# Video of Jules and his Antler



## Jazz & Jules (Feb 25, 2007)

4 hours later and he is still just munching away!


----------



## TheHooch (May 9, 2007)

Well he is certainly having himself a grand old time.


----------



## AndyFarmer (Jul 9, 2007)

Holy cow! Is he really chewing on an antler? Like a bone? I can honestly say I've never heard of that...humpf...learn something new everyday


----------



## Jazz & Jules (Feb 25, 2007)

AndyFarmer said:


> Holy cow! Is he really chewing on an antler? Like a bone? I can honestly say I've never heard of that...humpf...learn something new everyday


He is Jill! He is!


----------



## Jo Ellen (Feb 25, 2007)

Ummm....did you know that deer antler is an aphrodisiac of sorts? It's been used for thousands of years in the Orient for dysfunction. It's actually known as one of the top sexual performance enhancers in the world.

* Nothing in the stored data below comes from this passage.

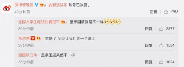 在短暂“销号”后,约晚间10时50分左右,“新浪娱乐”账号恢复。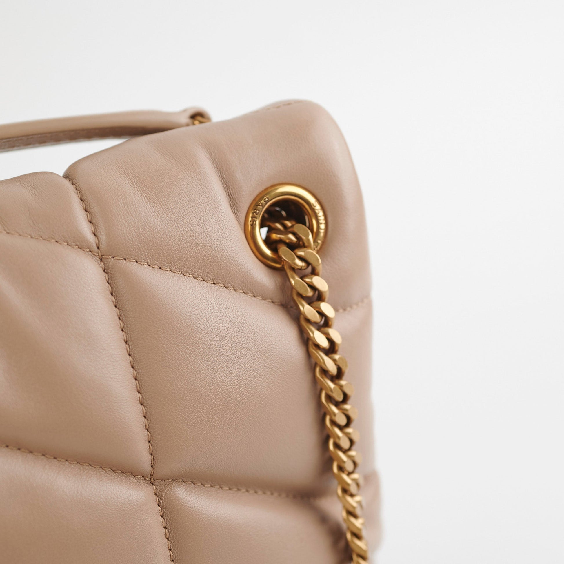 Saint Laurent Small Puffer Lou Beige Shoulder Bag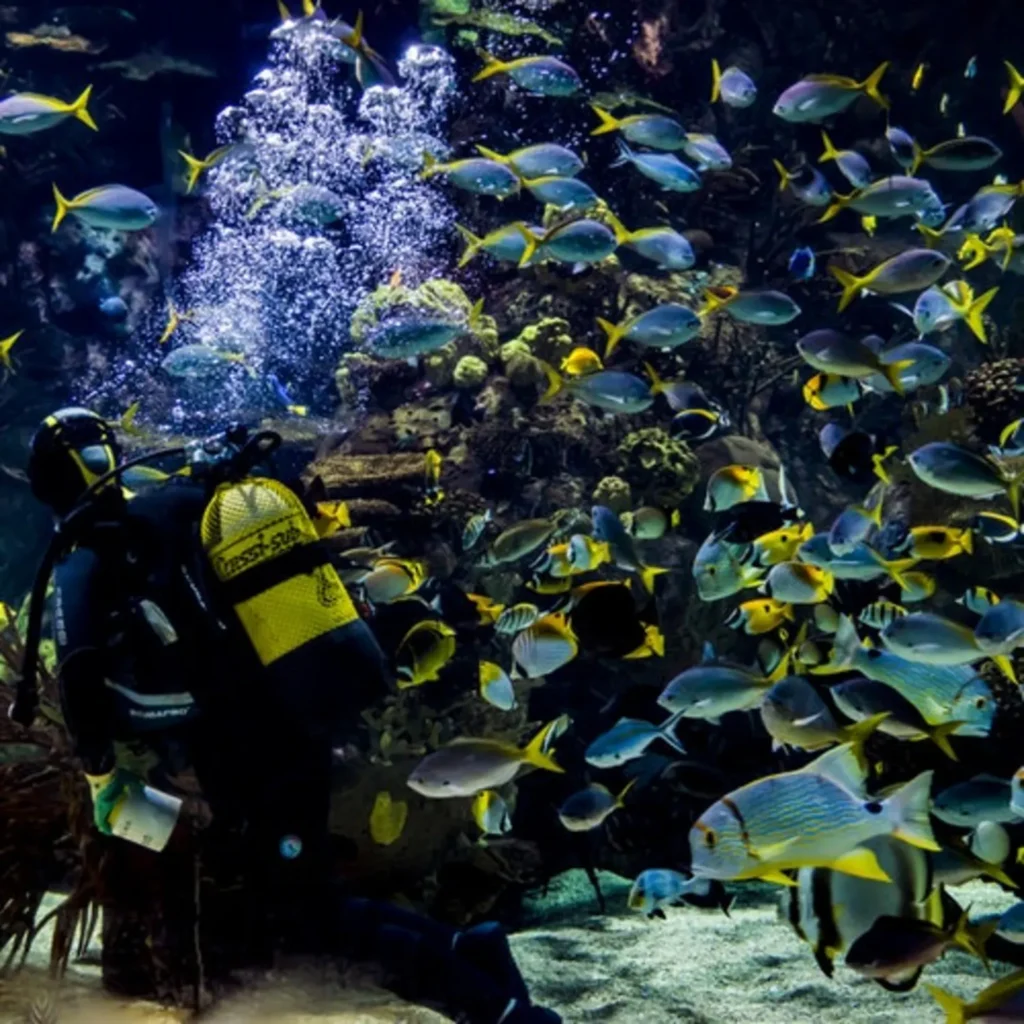 Descubra un inmenso acuario que alberga delfines, tiburones, pingüinos, cocodrilos y mucho más.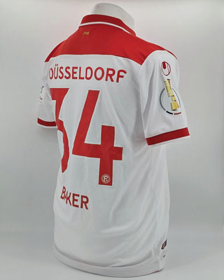 Das Trikot wurde für Lewis Baker für das Achtelfinalspiel des DFB-Pokals am 03.02.2020 beim 1. FC Kaiserslautern vorbereitet. Fortuna gewann auf dem Betzenberg mit 5:2 gegen die roten Teufel.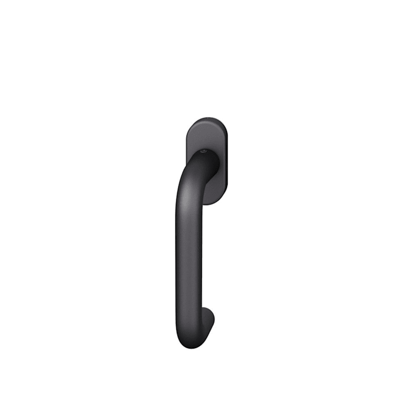 FSB Fenstergriff 34 1070; Produkttyp: Fenstergriff; Produkttyp (Hersteller): Fenstergriff; Ausführung: Standard; Rastung: 90°,Kugelrastung; Stütznocken: mit Stütznocken; Material: Aluminium; Montageart: aufliegend; Befestigungsart: verdeckt verschraubt; Anwendung: für nach innen öffnende Fenster und Fenstertüren; Länge: 123 mm; Höhe: 62 mm; Durchmesser: 20 mm; Befestigungsabstand: 43 mm; Form Rosette: oval; Breite Rosette: 32,5 mm; Höhe Rosette: 70 mm; Stärke Rosette: 10 mm; Durchmesser Stütznocken: 10 mm; Norm: DIN EN 13126-3,DIN 18267; Gütesiegel: RAL-GZ 607/9; Einsatzbereich: Drehkipp; Fensterwerkstoff: Aluminium,Holz,Kunststoff; Vierkant: 7 mm; Stift vorstehend: 24-38 mm; DIN-Richtung: DIN Links-Rechts; Farbe: schwarz; Oberfläche: gestrahlt,eloxiert

ROTFLMAO. Keep an eye on Jules, MJ!!


----------



## AndyFarmer (Jul 9, 2007)

ROFLMAO Jo Ellen- why does it not suprise me that you know this?????


----------



## Jazz & Jules (Feb 25, 2007)

Jo Ellen said:


> Ummm....did you know that deer antler is an aphrodisiac of sorts? It's been used for thousands of years in the Orient for dysfunction. It's actually known as one of the top sexual performance enhancers in the world.
> 
> ROTFLMAO. Keep an eye on Jules, MJ!!


OMG!!!!!!!


----------



## Jo Ellen (Feb 25, 2007)

LOL, It's probably not true (????) but obviuosly the Chinese have known for sometime that they're extraordinarily ... ummm ... durable :bowl:

:hide:


----------



## Heidi36oh (Feb 27, 2007)

Jules is having a good ole time with that antler


----------



## Lego&Jacub (Jul 18, 2006)

awww hehehehe... he seems to be playing with it more than chewing it... but he's having fun!!!


----------



## Deborah (Jul 3, 2005)

Great video, I love the look in his eyes!

Coach has managed to *completely* eat 1/2 of his antler and last night he was trying to hump Lucie. Now I think I know why


----------